An interesting example of this phenomenon: a Galician media announced the last minimum wage increase with this headline: “The minimum wage increase will cost 175 million to Galician companies”. The information is not false, but the media, through the verb “to cost”, focuses on an aspect which is negative only for one part of society: companies. By focusing on this aspect, it leaves out other central elements of the news, specifically the amount of money that the workers will receive. 

Although we know that it is not possible to be completely objective, I think that people should consume media that does not manipulate reality with their headlines. So, in this PhD, we intend to define strategies that allow us to cover a good part of the digital press to identify the most hyperpartisan as well as the least manipulative with language.

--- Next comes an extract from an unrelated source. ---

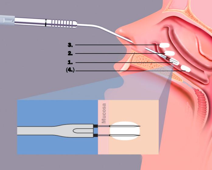 原理跟電波拉皮一樣,利用電腦晶片控制的金屬探針伸入肥厚的下鼻甲內,利用電腦控制溫度,在不破壞黏膜的溫度下,逐漸加溫下鼻甲肥厚組織,來達到縮小下鼻甲體積與保留黏膜的功能。

We would like to create, at the end of the thesis, a press monitoring tool, so that the hyperpartisan media we have identified start reducing their tendency to manipulate the information in their headlines.

How can hybrid intelligence systems overcome the shortcomings of existing artificial intelligence methods?

We will try to design and develop natural language processing tools with open source technology, where the human factor is key to help improve the automatic detection of disinformation. Our objective is not fully automating the disinformation detection process, but rather helping experts in communication and social sciences to improve and optimize the protocols and processes involved in this task. 

I think that the identification of disinformation is a too complex task to be solved by fully automatic systems. Another important facet of the project is to deepen the study and analysis of discourse in the public space, focusing on argumentative and rhetorical schemes that build toxic and persuasive narratives. In short, we want to introduce explicit linguistic knowledge into current artificial intelligence technology to help improve its deficiencies, particularly its difficulty in identifying truthful information.

What do you think are the biggest challenges hybrid intelligence faces?

One of the main challenges is to organize fully effective and well complemented multidisciplinary teams.  It is not an easy task to ensure that linguists, computer engineers and experts in political and communication sciences can work together efficiently. 

The other great challenge is being able to open the opaque and inscrutable black-boxes with which the large language models and artificial intelligence systems work. We want these systems to be more transparent and interpretable, by integrating structured knowledge provided by experts in linguistics and social sciences. This symbolic integration is not trivial and will be the great scientific and technological challenge of the project.

What are the most promising investigation lines to solve those problems?

The line of research to be explored is precisely the development of neuro-symbolic systems. In essence, systems that combine the strengths of deep learning based on artificial neural networks with the human-like capabilities of symbolic knowledge and reasoning.